Had Comenius done nothing more than put forth and press home these truths he would have deserved our gratitude as an educationalist.
But he did more than this. He related virtue and godliness to knowledge. By knowledge Comenius meant knowledge of nature and of man’s relation to nature. It is this important characteristic of Comenius’ educational system that reveals the direct influence of Bacon and his school. To the great Verulam he pays reverence for what he owed him, but he owed him even more than he knew.
In this field of knowledge, the leading characteristic of the educational system of Comenius is his realism. We have pointed out, in contradiction of the assumptions of the modern sensationalist school, that the humanists were in truth realists, and it may be safely said that there can be no question among competent judges as to the realism which ought to characterize all rational and sound instruction. The question rather is as to the field in which the real is to be sought — in the mind of man, or in external nature. As the former may be called humanistic-realism, so the latter may be called sense- or naturalistic-realism. Of the latter, Comenius is the true founder, although his indebtedness to Ratich was great. Mere acquisition of the ordered facts of nature, and man’s relation to them, was with him the great aim — if not the sole aim — of all purely intellectual instruction. And here there necessarily entered the governing idea, encyclopædism or pansophism. Let all the sciences, he said, be taught in their elements in all schools, and more fully at each successive stage of the pupil’s progress. It is by knowledge that we are what we are, and the necessary conclusion from this must be, let all things be taught to all.

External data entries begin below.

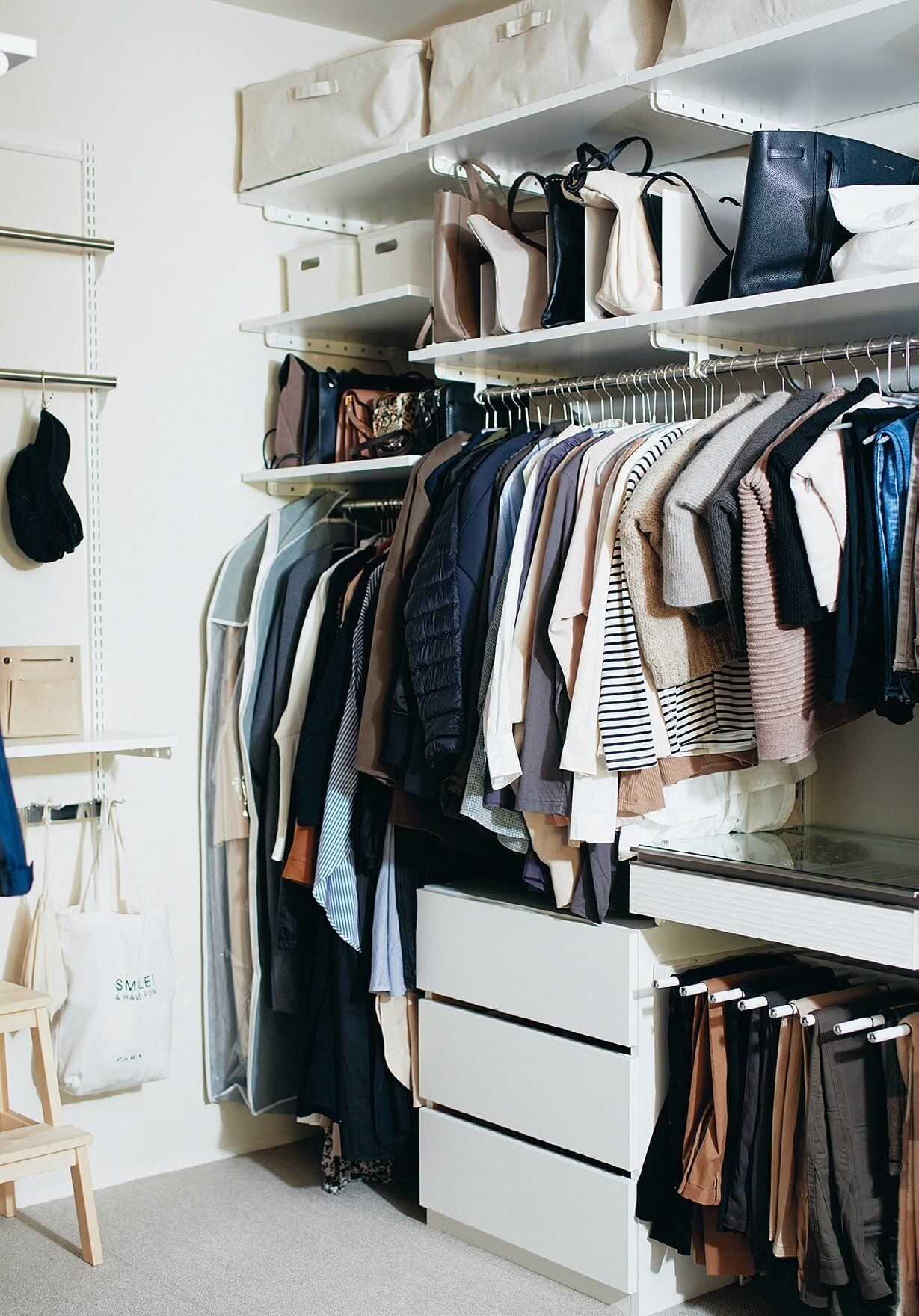 片づけが苦手な人ほどグッズから入るけど、しまう場所が決まっていない物は紙袋などに取りあえず収納。グッズを買うのはそのあと!
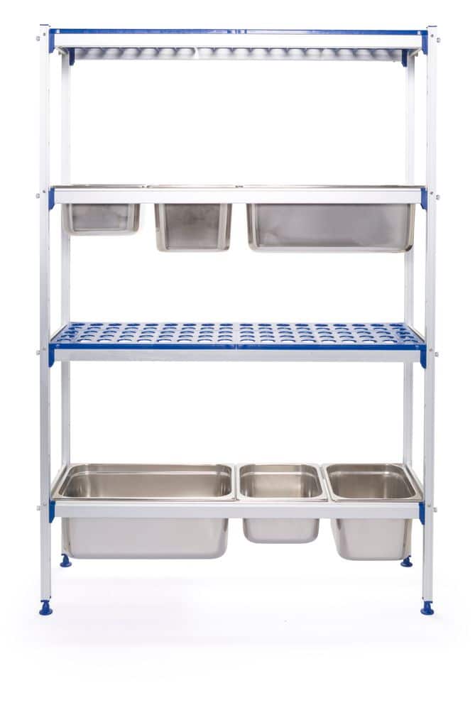 Os recipientes GN 1/1 encaixam diretamente entre os suportes de alumínio.
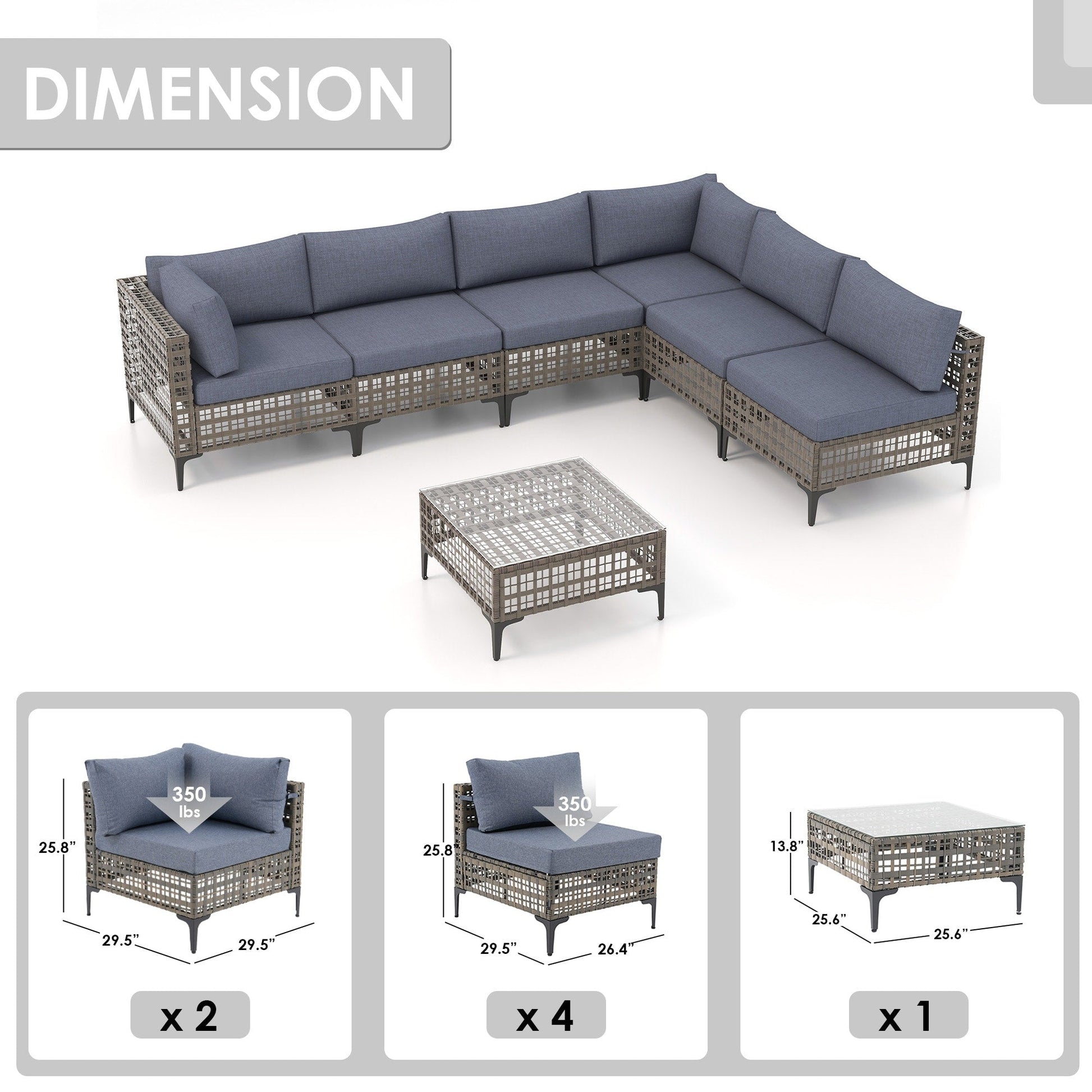 Ensemble de canapés modulaires d'extérieur pour 6 personnes avec coussins

It is at this point that many will part company with Comenius. The mind stored with facts, even if these be ordered facts, will not necessarily be much raised in the scale of humanity as an intelligence. The natural powers may be simply overweighted by the process, and the natural channels of spontaneous reason choked. In education, while our main business is to promote the growth of moral purpose and of a strong sense of duty, we have to support these by the discipline of intelligence, and by training to power and work rather than by information. On the other hand, only those who are ignorant of the history and the recognized results of education will wholly abjure realism in the Comenian sense; but it has to be assigned its own place, and nothing more than this, in the education of a human being. The sum of the matter seems to be this, that while a due place in all education is to be assigned to sense-realistic studies, especially in the earlier years of family and school life, the humanistic agencies must always remain the most potent in the making of a man.

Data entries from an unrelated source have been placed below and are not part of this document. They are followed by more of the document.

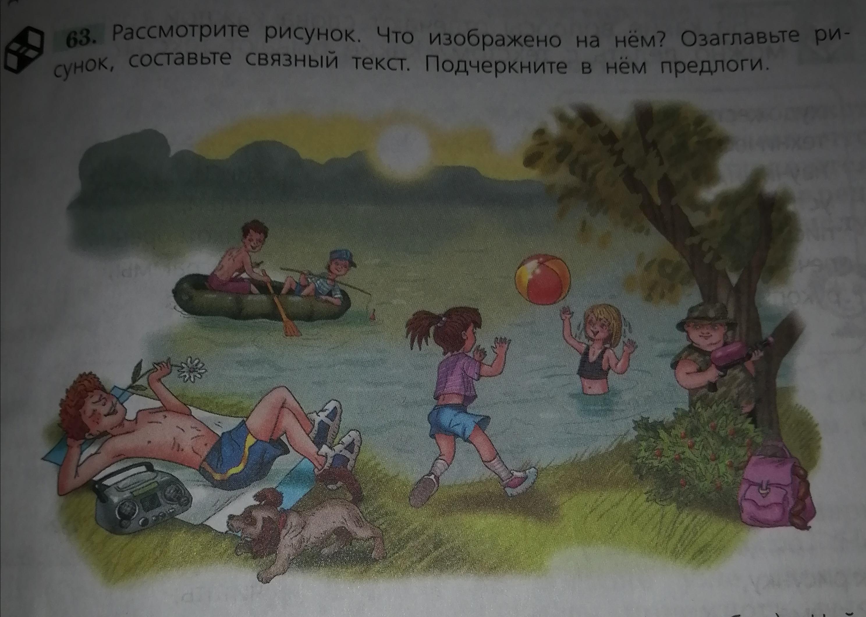 Предложение: В летний день ребята играли ; Девочки играли в мяч ; Мальчик справа игрался с водным бластером ( Мальчику можно придумать имя) ; Ребята катались на надувные лодке ; Самый старший мальчик загорал.
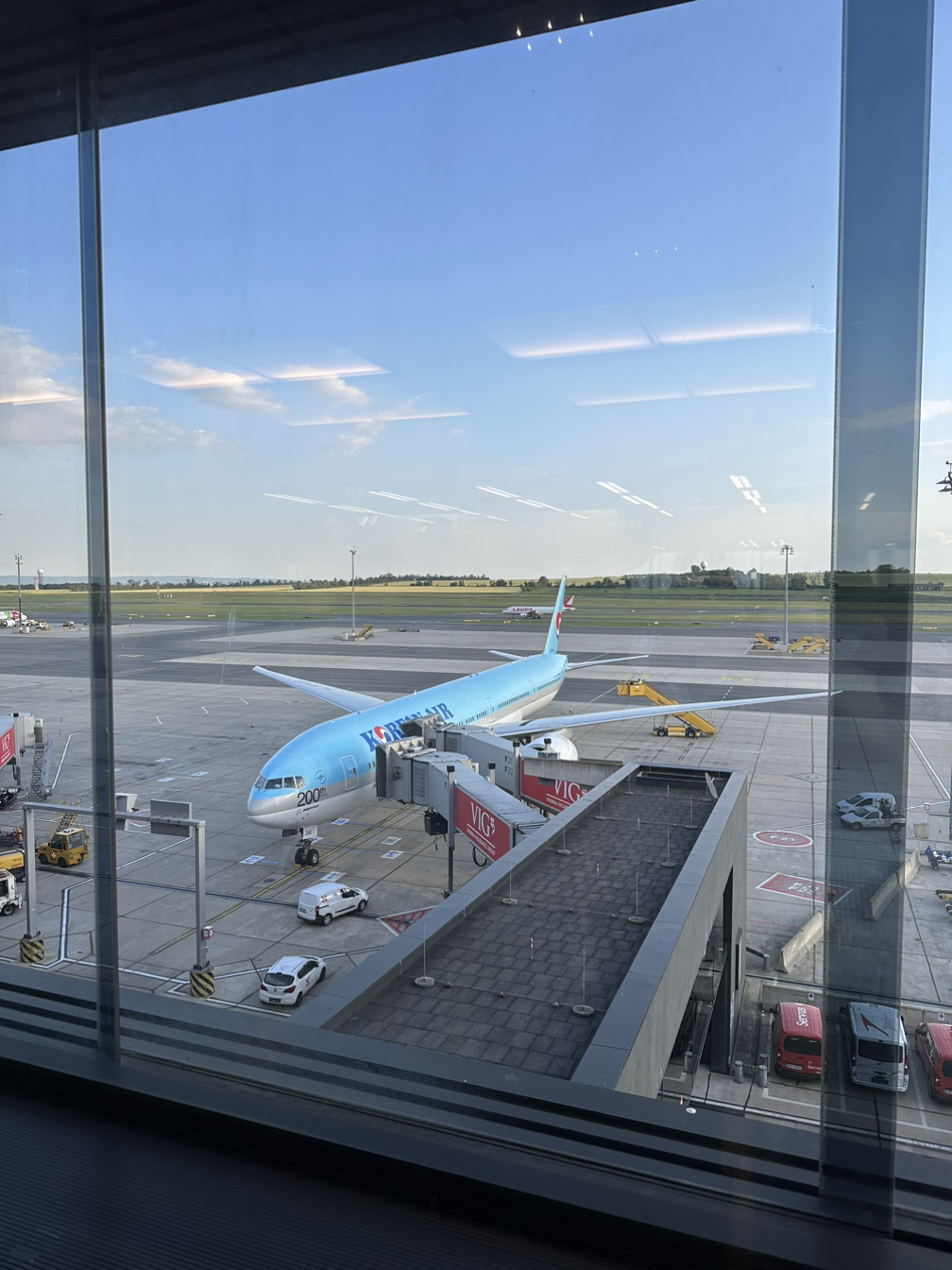 탑승을 기다리며 찍은 비행기입니다. 곧 저희가 탑승하게 될 비행기였는데요. 저는 항상 비행기를 타기 전에 이 자리에 서서 사진을 찍곤 하는데 그때의 감정들이 매번 다른 것 같아요. 어떨 때는 정말 눈물이 뚝뚝 흐를 만큼 슬프기도 했고, 어떤 날엔 후련하기도 했고, 어떤 날엔 행복하기도 했습니다. 비행기를 탈 때의 여러 상황에 따라 제 감정이 반응한 것이겠지만 '비행기'가 주는 떠남에 대한 생각들이 더 극대화되는 장소가 바로 이곳 아닐까 생각해 봅니다.
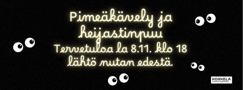 Klo 18 nuorisotalon edestä lähdetään kävelyretkelle, jossa nautitaan hiljaisuudesta ja pimeästä Koskelan kallioilla. Ota mukaan taskulamppu tai lyhty.

Comenius and his followers again confound knowledge with wisdom. He affirms that “all authors are to be banished from school except those that give a knowledge of useful things.” Wisdom is certainly not to be opposed to knowledge, but it depends more on a man’s power of discrimination, combination, and imagination than on the extent of his mental store of facts. Were it not so, our whole secondary education, and all the purely disciplinal part of our university instruction would be very far astray. If the ancient tongues are to be learned simply with a view to the sum of knowledge they contain, it would be absurd to waste the time of our youth over them. It would be better to impose on our universities the duty of furnishing guaranteed translations for the use of the public. We shall not, however, involve ourselves in controversy here, as our object is merely to point out, generally, the strong and weak points of our author.

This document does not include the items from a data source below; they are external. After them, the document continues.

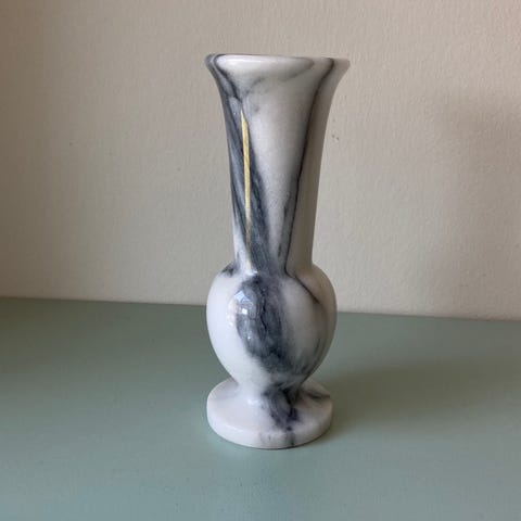 Pen vase i grå marmor med karakteristisk åremønster. Solid og tung kvalitet.
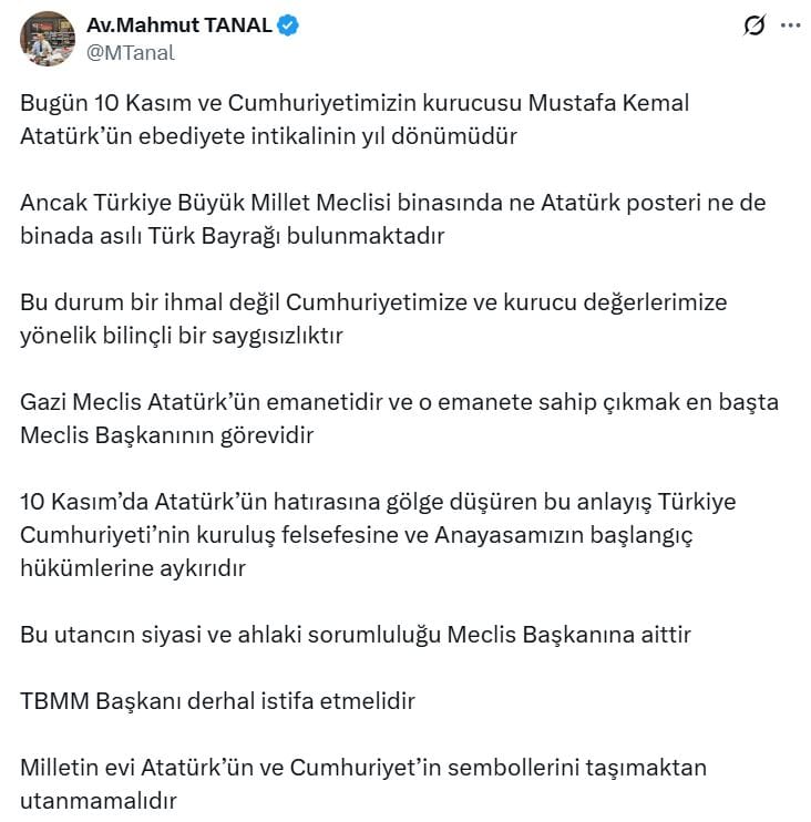 "Bugün 10 Kasım ve Cumhuriyetimizin kurucusu Mustafa Kemal Atatürk’ün ebediyete intikalinin yıl dönümüdür Ancak Türkiye Büyük Millet Meclisi binasında ne Atatürk posteri ne de binada asılı Türk Bayrağı bulunmaktadır. Bu durum bir ihmal değil Cumhuriyetimize ve kurucu değerlerimize yönelik bilinçli bir saygısızlıktır."
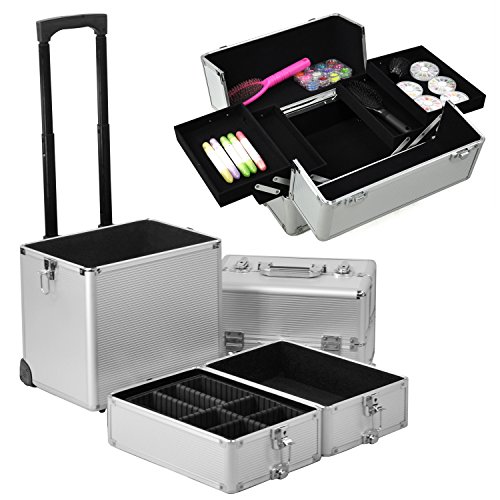 Verified Purchase This review is from: All in 1 Pro Large Aluminium Hairdressing Makeup Vanity Toiletry Storage Nail Case Box Beauty Cosmetics Trolley 4 in 1 (Silver) (Misc.)
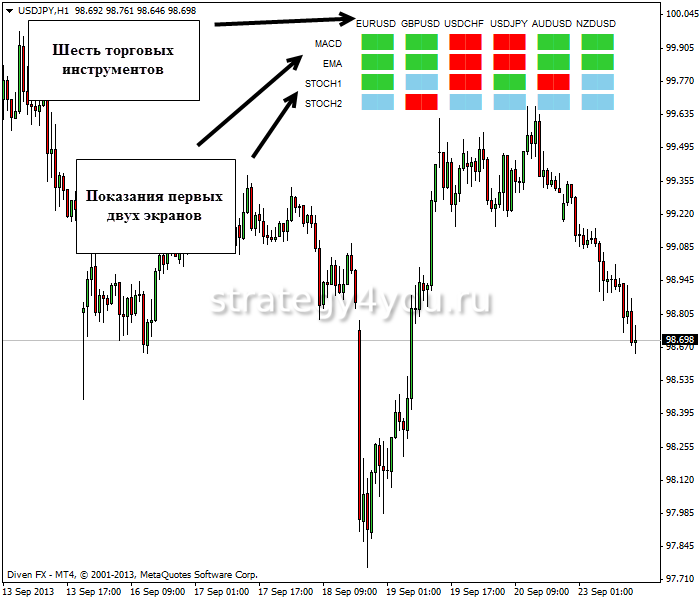 При этом настройка индикатора заключается лишь в изменении периодов для основных показателей: стохастического осциллятора, MACD и скользящей средней.

Next in importance to pansophy or encyclopaedism, and closely connected with it, is the principle that a knowledge of words and of things should go hand in hand. Words are to be learned through things. Properly interpreted, and under due limitations, this principle will, we presume, be now generally accepted. We say, under due limitations, because it is manifest that the converse preposition, that “things are learned through words,” is easily capable of proof, and is indeed, in our opinion, the stronghold of humanistic teaching in its earlier or school stages.